Kin-Kin Coffee’s submission for “Packaging” in the 2019 World of Coffee Design Lab; the interior of the Greater Goods’ space, featuring a centrally placed coffee bar allowing guests to interact with baristas from any direction.
“Special” no longer seems to means “exclusive,” resulting in the adoption of softer, more open fonts. This also lends itself to the development of a gender-neutral identity, which resonates with 50 percent of young adults between the ages of 18–34. For entrant Hêrmann-Thômas Coffee Masters, this association was intentional: “We wanted to reflect gender equality (a less common thing in Mexico) as well as our passion for design and architecture while serving the best coffees available in Mexico.”
Other features of this design approach include warm neutrals, soft pastels, and whimsical illustrative elements.
A bold application of a delicate font is front and center on Van & Co.’s packaging entry; Rishi Tea won the category of Branding at Expo this past April; an entry in the Branding category from DONA.
Nurturing with Nature
The influence of the natural world doesn’t start and end with the color of the year: not only is coffee packaging becoming an expression of unique art-for-art’s-sake, but also the artwork in question is predominately a softer, less-realistic impression of the natural world. “We wanted to add beauty to the experience using the side panels of the bag,” noted packaging entrant Feast Coffee & Culture. “The side panels feature various illustrations, not intended to be representations of the tasting notes or type of coffee, but simply something to behold and enhance people’s daily experience.”
Mexico’s Hêrmann Thômas Coffee Masters created two fictional characters, a formal, coffee-loving moose (Mr.

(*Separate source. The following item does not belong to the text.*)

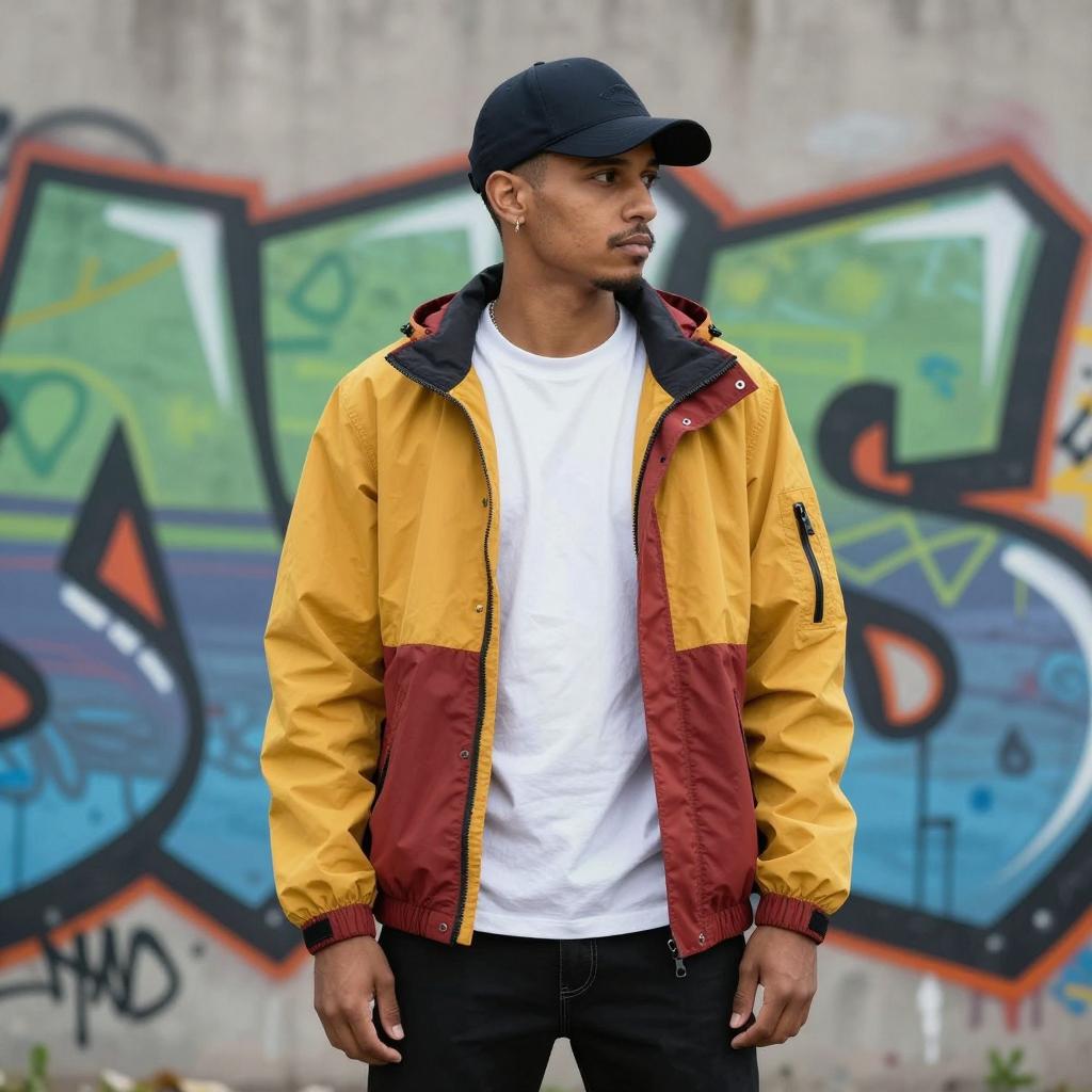 Black-and-white photograph of a young man with a shaved head, sitting on a checkered blanket. He wears a white t-shirt with a graphic design and dark pants. Background features a beach mural, six playing cards, and a poster with "I Ain't Goin' Anywhere." Man looks slightly to the left with a neutral expression.

Hêrmann) and a passionate tea-drinking and baking rabbit (Ms. Thômas) to exemplify their business; Square One Coffee Roasters submitted various applications of their brand to print collateral, including a colorful latte art throwdown poster; Feast Coffee & Culture applies unrelated illustration on the sides of their bags to bring additional beauty to the coffee brewing experience.
 Fusion’s Massive Millennial Poll (2015) was conducted primarily with millennials living in the US.